PNIPAAm has been synthesized by a variety of
techniques. Free radical initiation in organic solvents
and aqueous media is only one of these experimental
methods. Various initiators and solvents
such as potassium persulfate (KPS), Ammonium persulfate
(APS), azobis(isobutyronitrile) (AIBN), benzoylperoxide,
laurylperoxide and water, methanol,
benzene, 1,4-dioxane, tetrahydrofuran (THF), respectively,
have been used in free radical polymerization
produced in organic solvents and in aqueous
media.Redox polymerization of NIPAAm typically
uses APS or KPS as the initiator and either
N,N,N',N' tetramethylethylenediamine (TEMED) as
the accelerator.
In this study, taking into account the above literature
results, we have attempted to investigate the effect of
initiator type and concentration, hydrophobic and
ionizable comonomers, and synthesis-solvent composition
on the swelling behaviour of NIPAAM gels. For
this purpose, NIPAAM gels, initiated with two different
initiator concentrations, in water, and
NIPAAM/DMI (dimethyl itaconate) and NIPAAM/
IA and NIPAAm/monoesters of IA copolymer gels in
water/methanol mixtures and 1,4-dioxane were synthesized
and their volume phase transitions were examined.
Conventional swelling theory is used to
characterize the interactions between the polymer
and solvent molecules.
Monoitaconates containing methyl, butyl, octyl and
cetyl groups were synthesized. The copolymers
containing these monoitaconates, IA and DMI were
obtained by free-radical solution polymerization of
NIPAAm.
Hydrogels composed of NIPAAm, BIS, vinyl terminated
poly(dimethyl siloxane) (VTPDMS) (commercial
product) and IA as hydrophobic monomer, hydrophilic
crosslinker, hydrophobic crosslinker and
weakly ionizable comonomer, respectively, were
prepared to investigate the effect of hydrophobic
component, i.e., VTPDMS on the compression moduli
of the samples attained equilibrium swollen state
in distilled-deionized water at $25^0C$. For the NIPAAm/
monoitaconate copolymer hydrogels crosslinked
with BIS, the effects of hydrophobic component
i.e., monobutyl itaconate (MBuI), monooctyl
itaconate (MOcI) and monocetyl itaconate (MCeI)
on the compression moduli of the samples attained
equilibrium swollen state in distilled-deionized water
at $25^0C$ were investigated.
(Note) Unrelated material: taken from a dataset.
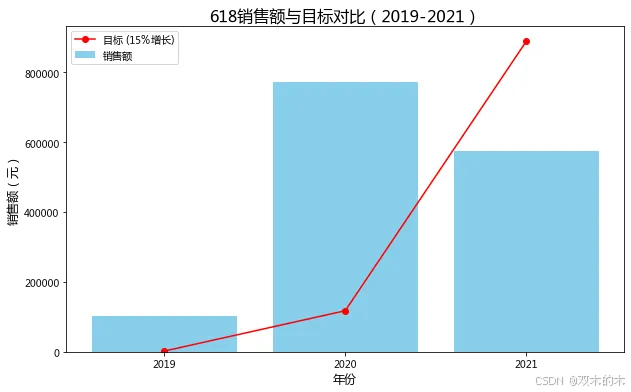 import matplotlib.pyplot as plt# 只保留2019年到2021年的数据sales_by_year['Target'] = sales_by_year['Sales'].shift(1) * 1.15sales_by_year['Target'].fillna(0, inplace=True) # 填充第一个目标为空的值sales_by_year['Gap'] = sales_by_year['Sales'] - sales_by_year['Target']sales_by_year['Achieved'] = sales_by_year['Sales'] >= sales_by_year['Target']sales_by_year_filtered = sales_by_year[sales_by_year['Year'] >= 2019]# 绘制销售额和目标对比图plt.figure(figsize=(10, 6))plt.bar(sales_by_year_filtered['Year'], sales_by_year_filtered['Sales'], color='skyblue', label='销售额')plt.plot(sales_by_year_filtered['Year'], sales_by_year_filtered['Target'], color='red', marker='o', linestyle='-', label='目标 (15% 增长)')# 图表设置plt.title('618销售额与目标对比(2019-2021)', fontsize=16)plt.xlabel('年份', fontsize=12)plt.ylabel('销售额(元)', fontsize=12)plt.legend()plt.xticks(sales_by_year_filtered['Year'])plt.show()

Compression moduli
and crosslinking densities of NIPAAm hydrogels
containing 2.50 and 5.0 mole % of monoesters of IA
in the feed and crosslinked with BIS increased with
alkyl chain length in the order of MCeI > MOcI >
MBuI.
Theophylline was used as a drug for controlledrelease
of PNIPAAm, NIPAAm/IA and NIPAAm/
monoitaconate copolymer hydrogels crosslinked
with BIS and VTPDMS. PNIPAAm hydrogel
crosslinked with VTPDMS has the lowest drug
release capacity because of the unresemble
structures to each other. The presence of hydrophilic
and ionizable IA molecules in the structures of
NIPAAm hydrogels increases the release capacities
and rates of hydrogels crosslinked with BIS or
VTPDMS because repulsive forces between the -
COO- groups controls the shrinking rate at $37^0C$ and
so the drug molecules do not trap in the polymeric
network.
PNIPAAm, poly(dimethyl itaconate) (PDMI) and,
copolymers of NIPAAm with IA, DMI, MMI, MBuI,
MOcI and MCeI were obtained by free radical
solution polymerization using AIBN and
KPS/TEMED redox pair, as initiator, in 1,4-Dioxane
and in MetOH/DDW with a total monomer
concentration of 0.7 mol/L. The sensitivity of
NIPAAm copolymers to change in pH and
temperature suggest that they could be useful in
biotechnology and drug delivery applications where
small changes in pH and temperature.